本書は、福島県国見町などで、コンサルタント会社が企業版ふるさと納税による寄付金等を使った怪しげな地方創生事業を自治体に提案して実施させ、暴利をむさぼろうとしていた事件を記録したものです。著者は、仙台市に本社を置く河北新報という地方紙の記者です。類似の手口の事件は、東北地方だけでなく、北海道や九州の自治体でも発生しています。
企業版ふるさと納税制度は、寄付した金額の最大9割もの法人税等の税額控除を受けることができる極めて有利な制度ですが、寄付金を支払った企業が寄付を受けた自治体から見返りを受けることを禁じています。
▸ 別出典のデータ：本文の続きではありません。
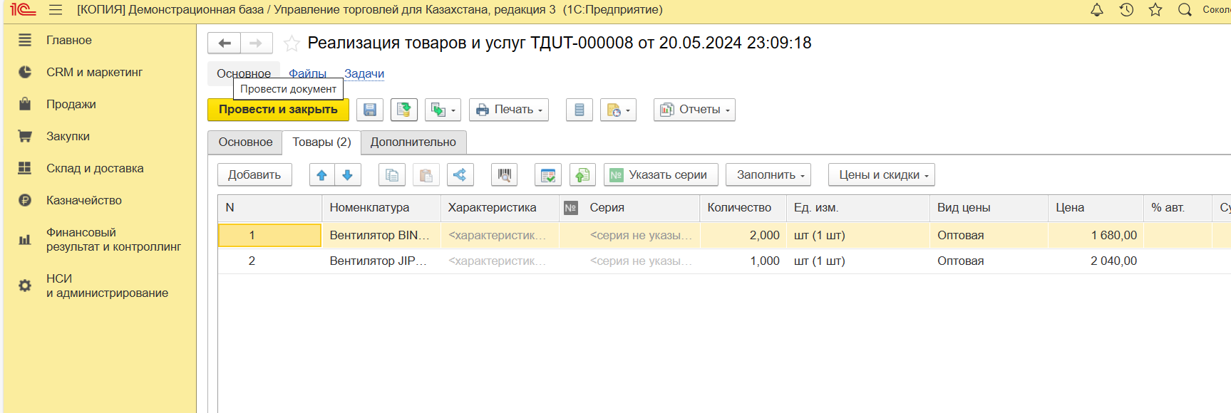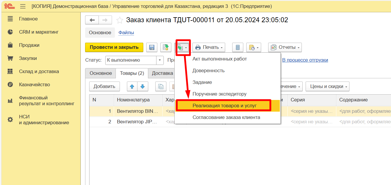 Переходим к демонстрации ордерного документооборота при оформлении продажи.

しかし、普通に入札に参加して契約の相手方になること等は「見返り」にはならないとのことです。本書の例では、企業版ふるさと納税制度の対象となる「地方創生事業」を自治体が実施し、その対象事業に寄付した企業のグループ企業がその事業を請け負って利益を得るものです。寄付した企業は税額控除を受けるので、グループ全体の利益は不当に膨らみます。
コンサルタント会社が上記のような組み立てを考え、自治体と企業グループを結び付け、事業実施に持っていきます。さらに、自治体の人材不足に付け込んで、アドバイザーとして事業の計画から実施を仕切り、その企業しか参加できないような仕様で事業者を公募し、「競争性」を偽装して、実際は市価より非常に高い価格で契約します。
このコンサルの代表は、総務省所管の「地域力創造アドバイザー」にも登録され、国の費用で自治体に派遣されて事業のアドバイスなどをしていました。自治体職員や首長が騙されてしまったのも無理がないかもしれません。
非常に巧妙で複雑なので、一部の議員が疑問を持ってもワンマン首長が強引に議会を通してしまったりします。
国の地域創生交付金や過疎債も使ったりするので、仮に事業が失敗して何の成果も得られなくても、その自治体の懐(寄付金以外の一般財源)は痛まないというケースもあるようです。しかし、無駄になった資金はすべて税金ですし、寄付金も一般財源です。
これらの事件は、2022年から2024年頃、国見町などで発生し、2023年から著者らが記事にして追及されていたようですが、私は全く知りませんでした。地方自治関係のニュースには注意していたつもりなのですが、私の地域ではあまり報道されなかったようです。やはり現役を退くと情報に洩れが出てしまいます。
私も、県職員時代に新しい事業などで発注の仕方に悩んだことは何度もあり、コンサルの提案に跳びつきたくなる担当者の気持ちも理解できます。組織内にノウハウの蓄積が大切です。
本書は、過疎地に限らず、自治体で事業を担当される職員、議員さんに必読です。